Dire maintenant que l’individu est social, c’est-à-dire participant à la vie comme facteur de bien, parce que sociable serait, à mon avis, aussi absurde que de suggérer à autrui qu’on lui nuit pour son bien et qu’il est normal qu’il souffre pour être plus heureux ensuite : ainsi opèrent les religions. L’individu n’est pas libre puisque le milieu est tel que celui-ci s’est substitué à celui-là. Les religions pensent pour lui, l’État agit à sa place et la loi le surveille. Son initiative, sa puissance, ses tentatives d’affranchissement sont annihilées par le milieu social qui s’est non seulement substitué à l’individu, mais qui est fait de telle façon que l’individu ne peut se passer de lui. Il ressort de ces considérations que toute tentative d’affranchissement se fera aux dépens de milieu social actuel. L’acte libérateur sera un acte anti social.
L’individu serait social s’il pouvait vivre dans un milieu qui, répondant à sa sociabilité, lui laisserait toute possibilité de réaliser ses propres aspirations.
L’homme serait aussi social œuvrer moralement, économiquement, avec des individus, uni à eux par affinité, dans son propre pays ou d’une nation à une autre, sans encourir de brutales contraintes ou d’insurmontables difficultés, sans travailler pour des monopoleurs de l’industrie qui prélèvent sur le produit de son effort la part du lion.
Comme on le voit par ces considérations, le milieu ne répond ni ne ressemble à celui que je conçois et qui serait le seul adéquat aux aspirations de l’individu social tel que je l’ai bien ou mal défini.

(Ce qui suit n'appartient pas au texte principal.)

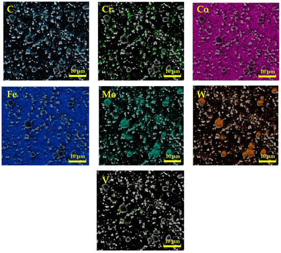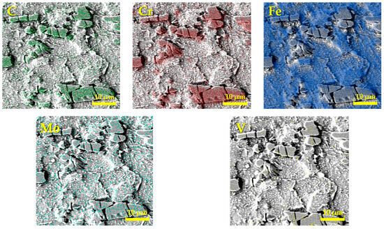 For a more detailed study of the structure of all experimental steels, a chemical analysis was also carried out in the presented studies by means of EDS on a Tescan Vega 3 electron microscope, which was localized only to specific chemical elements [21,22]. The measurements were focused mainly on carbide particles, and thus, the results do not correspond to the results of the spectral analysis, as carbides have a different chemical composition and lattice. Figure 2, Figure 3 and Figure 4 interpret the distribution of individual chemical elements for all investigated steels through EDS analysis, which is expressed by the color scale [23].

Le milieu actuel n’a rien de commun avec l’association contractuelle, – contrat limité, résiliable à temps ou par préavis mutuel, – seul capable de garantir l’individu contre la tyrannie de l’un ou de tous. Quoi qu’en disent ceux qui régissent nos destinées. La contrainte de ces derniers s’appuyant sur nos deux tendances primordiales pour justifier leur tyrannie et notre esclavage. Ces gens-là parlent de nécessité sociale, d’intérêt général, de conciliation entre la liberté individuelle et la sociabilité, pour employer leurs termes, entre la liberté et le concours. Mais ils oublient – volontairement d’ailleurs – de laisser à chacun le soin de former des associations où la liberté individuelle sera respectée.
Ce n’est pas ainsi que je comprends la conciliation entre ma liberté et ma sociabilité.
L’individu n’est pas social puisque le milieu l’oppresse, le broie, le détruit. Le milieu social actuel fait violence à l’individu dans toutes les branches de son activité. Les intérêts de l’individu sont donc opposés à ceux de la société qui sacrifie toujours l’unité à la collectivité, même quand elle prétend vouloir l’intérêt de tous.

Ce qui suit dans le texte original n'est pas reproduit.